--- EXERCISE REQUIREMENTS ---
Set down each line from the line holding "Master Room: 1.8m" to the last line of the entries below, exactly, with both ends included and without pictures.

--- INPUT DATA ---
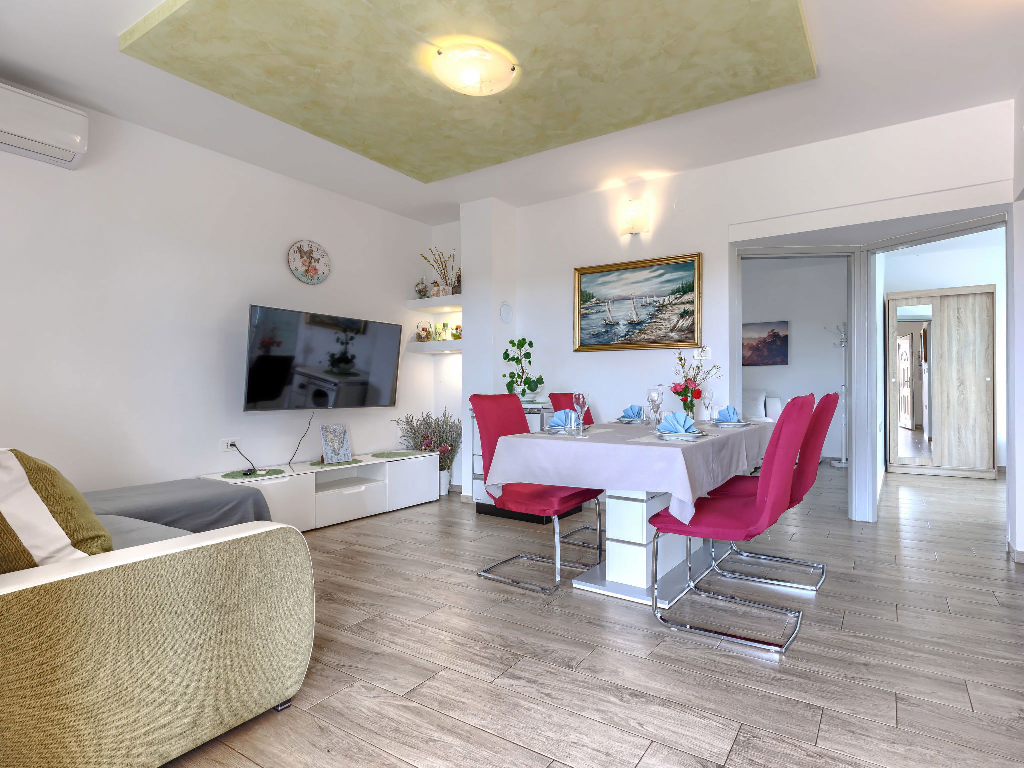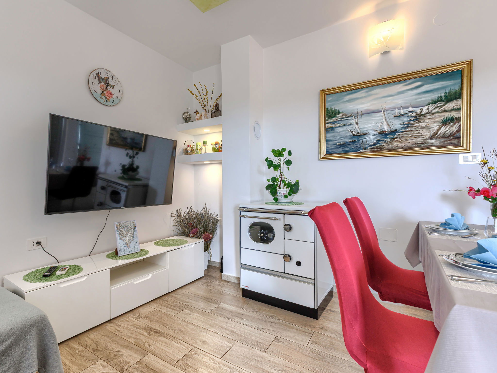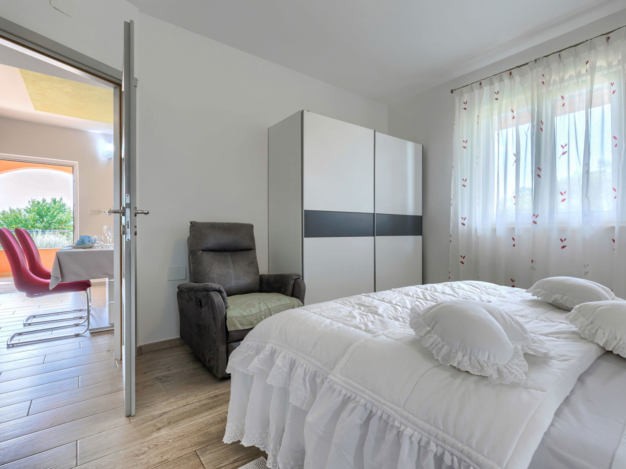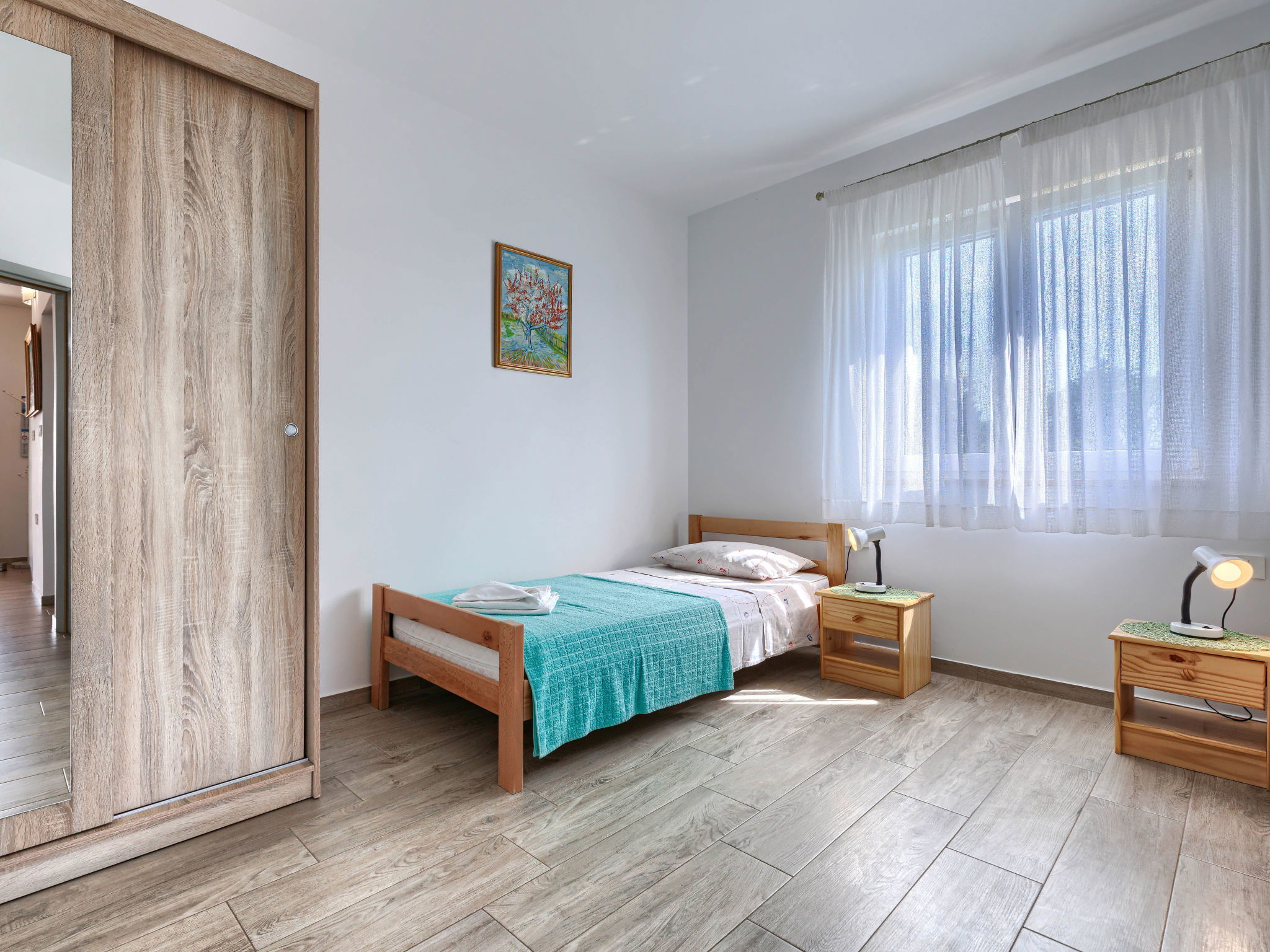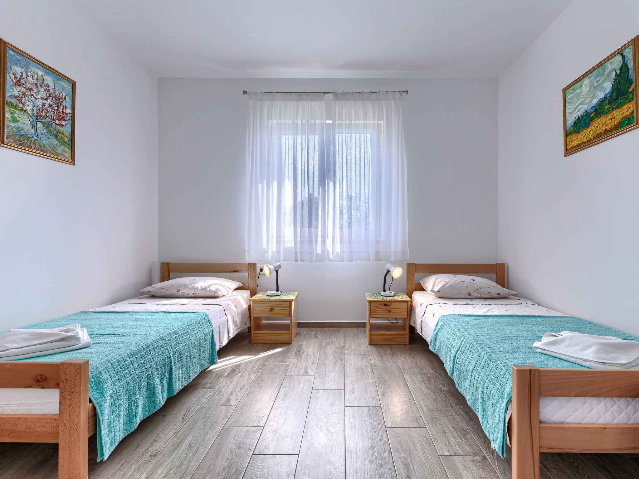 3-room house 65 m2. Cosy furnishings: living/dining room with 1 sofabed and satellite TV (flat screen), air conditioning. Exit to the terrace. 1 room with 2 beds (90 cm, length 200 cm). 1 room with 1 french bed (160 cm, length 200 cm). Open kitchen (oven, dishwasher, 4 gas rings, toaster, kettle, freezer, electric coffee machine). Shower/bidet/WC. Forced-air heating. Terrace furniture, deck chairs (2). Facilities: Internet (WiFi, free). Please note: 2 pets/ dogs allowed. Fire extinguisher.
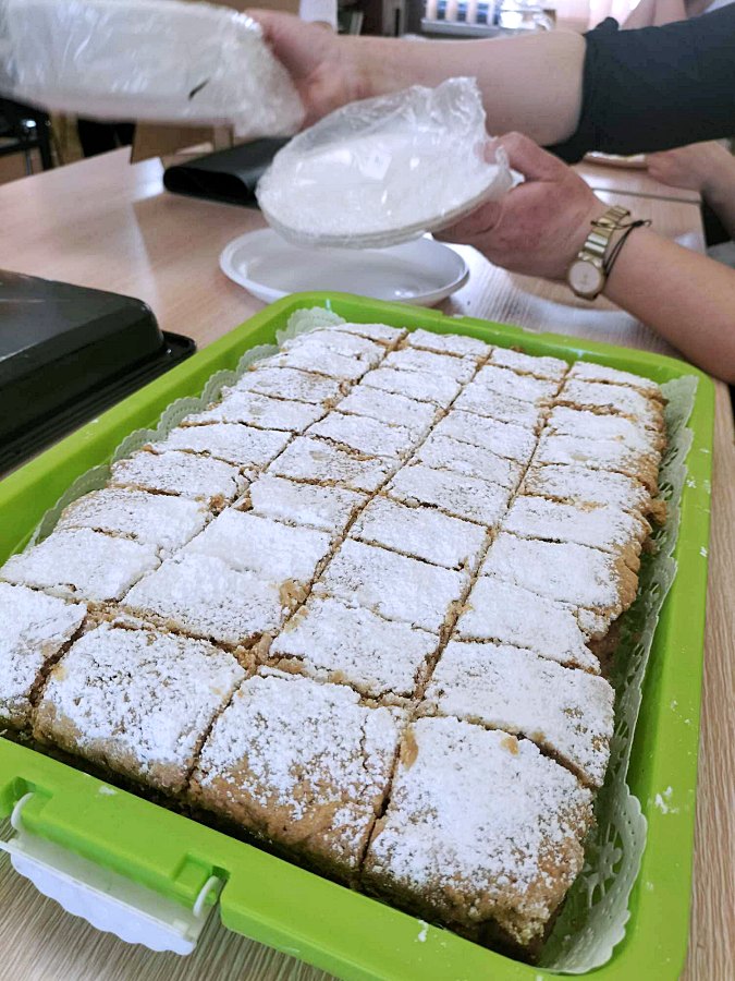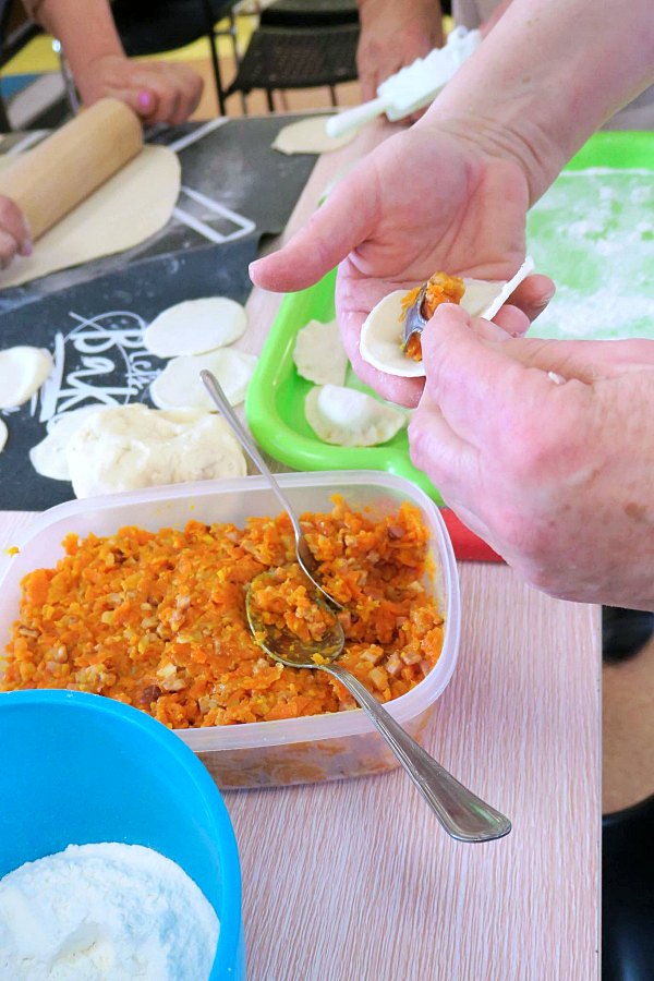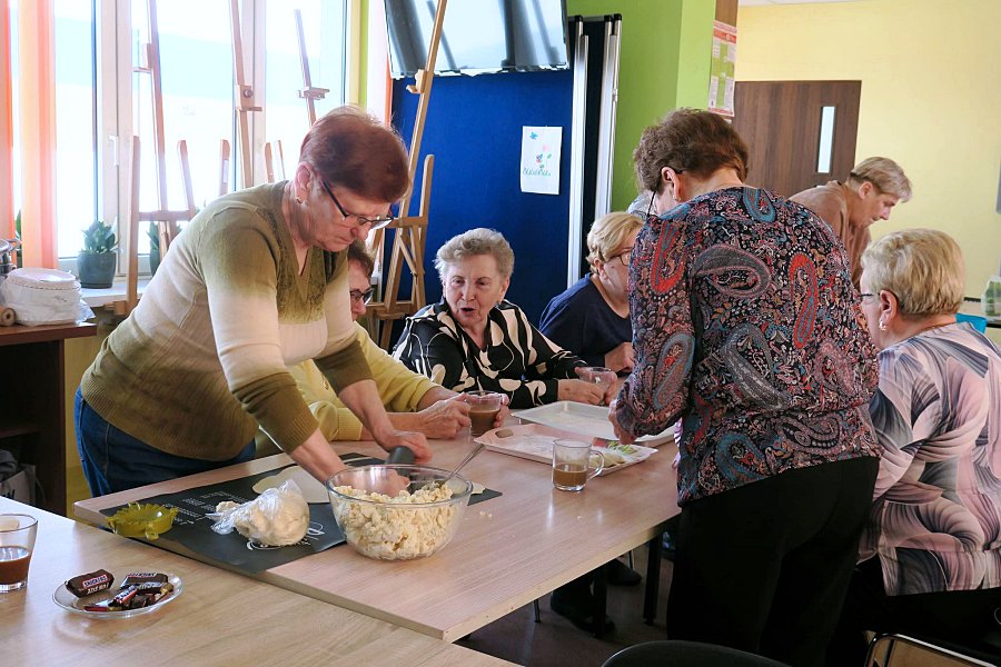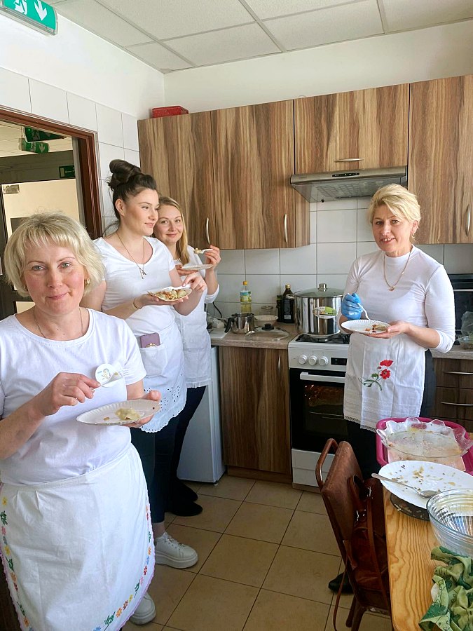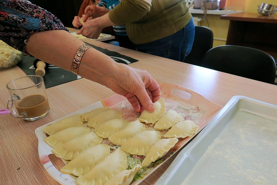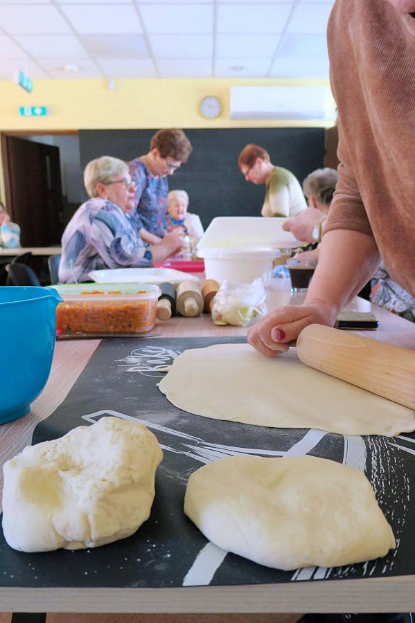Głównym punktem kulinarnego spotkania było lepienie pierogów. Uczestnicy przygotowali zarówno tradycyjne pierogi ruskie, jak i wersje z bardziej nietypowymi, w tym słodkimi farszami. Dodatkową atrakcją była wspólnie przygotowana domowa szarlotka, którą serwowano z lodami. Jak podkreślają organizatorzy, ciasto cieszyło się tak dużym powodzeniem, że szybko zniknęło ze stołu.
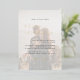 ¡Añade algo de brillo a tus invitaciones de boda con Relieve metalizado oro, plata o oro rosa de verdad! La parte delantera de la tarjeta muestra una foto personalizado de la pareja, con un overlay blanco semi-transparente para el texto de invitación a la boda en la tipografía serif clásica con un toque de caligrafía de escritura elegante y detallado con Relieve metalizado real. La parte trasera de la tarjeta muestra una segunda foto de la pareja feliz, junto con un conveniente código QR y una sección dedicada para los detalles del boda. Nuestro sencillo diseño en blanco y negro es atemporal y versátil, adecuado para cualquier tema y temporada. Puede elegir fácilmente entre oro, plata y Relieve metalizado de oro rosa de la herramienta de arriba. Vea la colección enlazada en esta página para coordinar artículos o visite nuestra tienda para más invitaciones de boda.
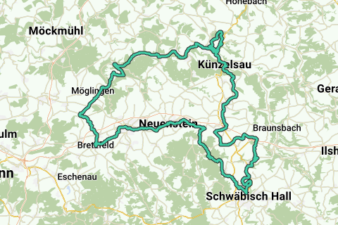 Über diese Fahrradschleife erkunden Sie die schönsten Wege von Öhringen. Wenig Chancen, dass Sie entlang dieser Route viel Autos sehen. Für richtige Rennradliebhaber sind diese Steilhänge wahrscheinlich lächerlich, aber für den Durchschnittsradfahrer doch schwer.
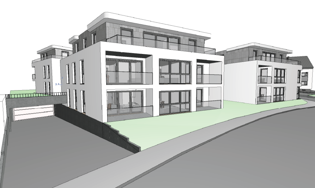 „Neubau von drei Mehrfamilienhäusern mit gemeinsamer Tiefgarage“
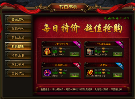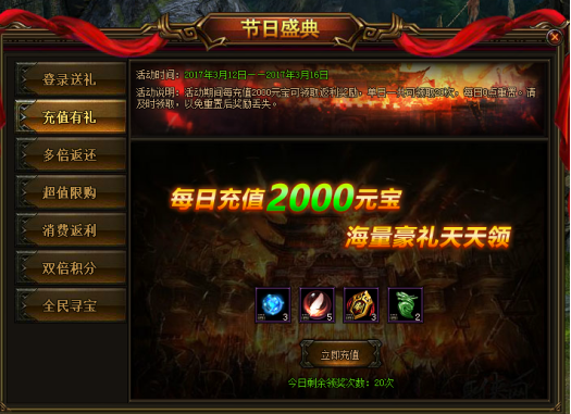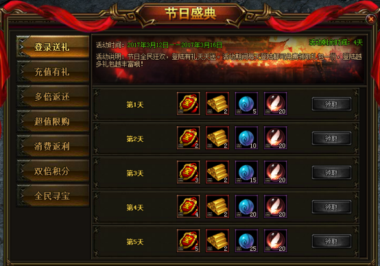 活动内容:活动期间,每天登陆游戏可领取礼包。
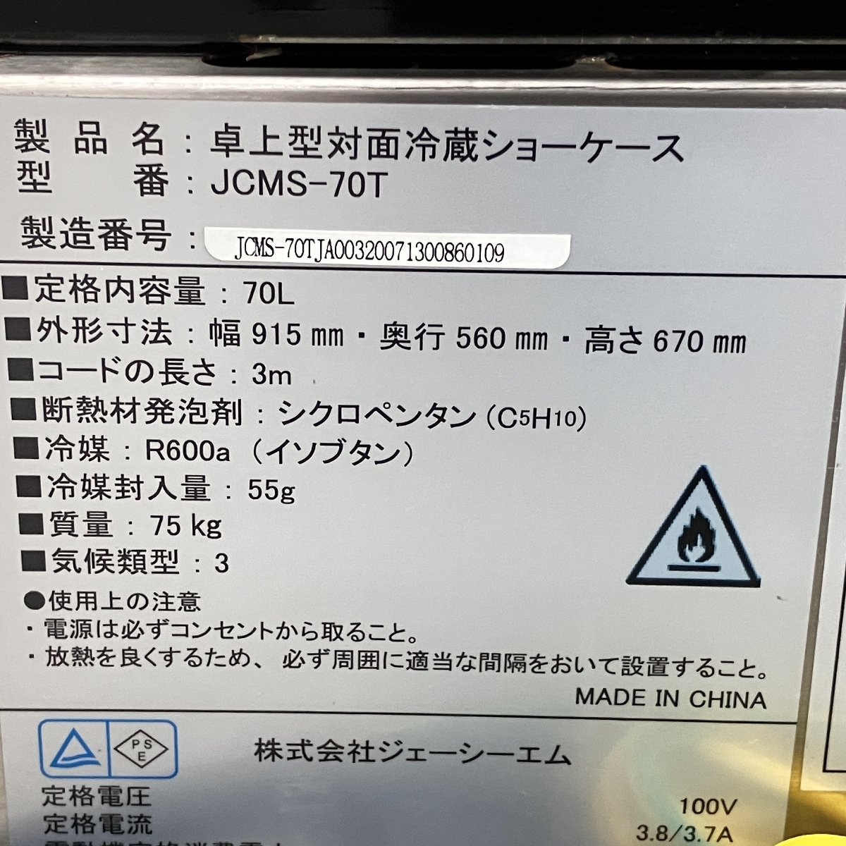【店頭受取限定】JCM JCMS-70T 対面冷蔵ショーケース 卓上型 業務用 100V 角型 ジャンク 直 F10329852 |
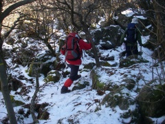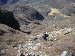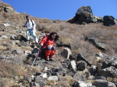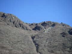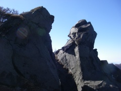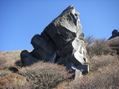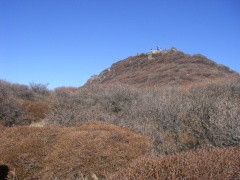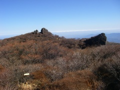| 山頂に人が見える | 東側に見える奇岩 | 潅木帯の中を進む |
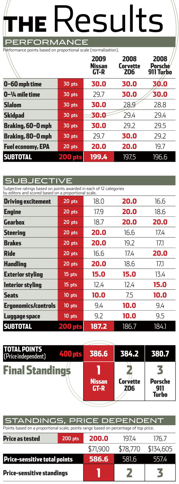 Время от времени на мировом авторынке появляется автомобиль, вокруг которого устраивается такая рекламная шумиха, что не только привлекает к нему внимание профессионалов, но и создает дикий ажиотаж среди представителей специализированной прессы по всему миру: каждое издание стремится первым опробовать новинку, протестировать ее и сравнить в другими автомобилями в своем классе. Nissan GT-R как раз из таких. Как и прежде, наше издание возглавляет очередь на тестирование версии этой необычной машины в комплектации, предназначенной для американского рынка, и ее сравнение с самыми крупными конкурентами: Chevrolet Corvette Z06 и Porsche 911 Turbo.
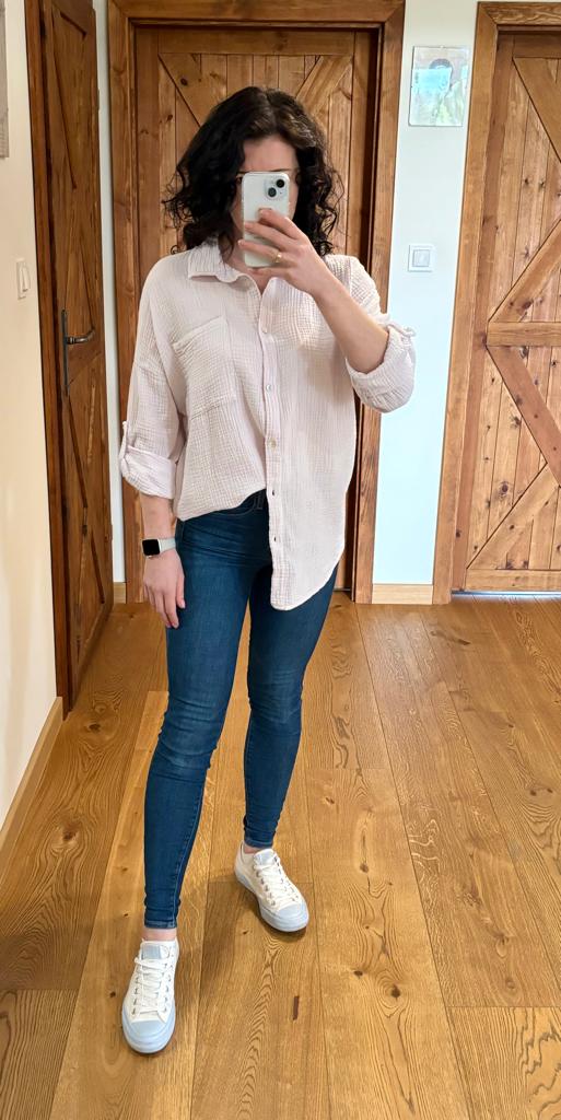 Koszula muślinowa to świetna opcja na wiosnę i lato, delikatny i przewiewny materiał sprawdzi się w ciepłe dni. Można ją nosić na kilka sposób, dobierając do stylizacji. Model jest zapinany na guziki. Dostępny w kilku wariantach kolorystycznych.
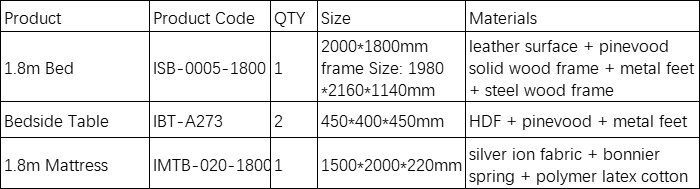 Master Room: 1.8m Bed + Mattress + 2*Bedside Table
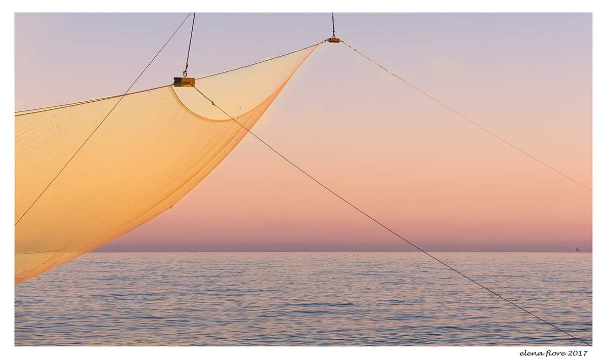 I delicati colori di questa alba o tramonto sono molto belli e ben si abbinano al particolare giallo della rete illuminata lateralmente dalla delicata luce solare.
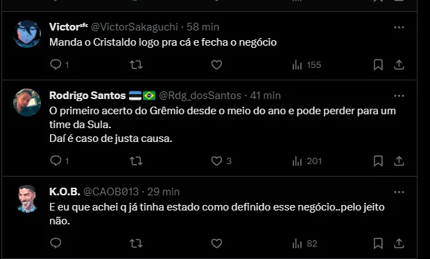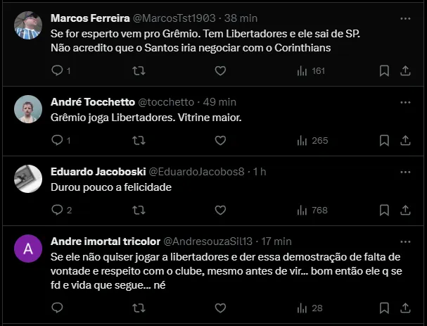 “Corinthians avança por Yeferson Soteldo. Assim como o Grêmio, fez uma oferta pelo talentoso venezuelano que foi rebaixado com o Santos”, disse Germán García em sua rede social.

--- ANSWER TO THE PROBLEM ---
 Master Room: 1.8m Bed + Mattress + 2*Bedside Table
 I delicati colori di questa alba o tramonto sono molto belli e ben si abbinano al particolare giallo della rete illuminata lateralmente dalla delicata luce solare.
 “Corinthians avança por Yeferson Soteldo. Assim como o Grêmio, fez uma oferta pelo talentoso venezuelano que foi rebaixado com o Santos”, disse Germán García em sua rede social.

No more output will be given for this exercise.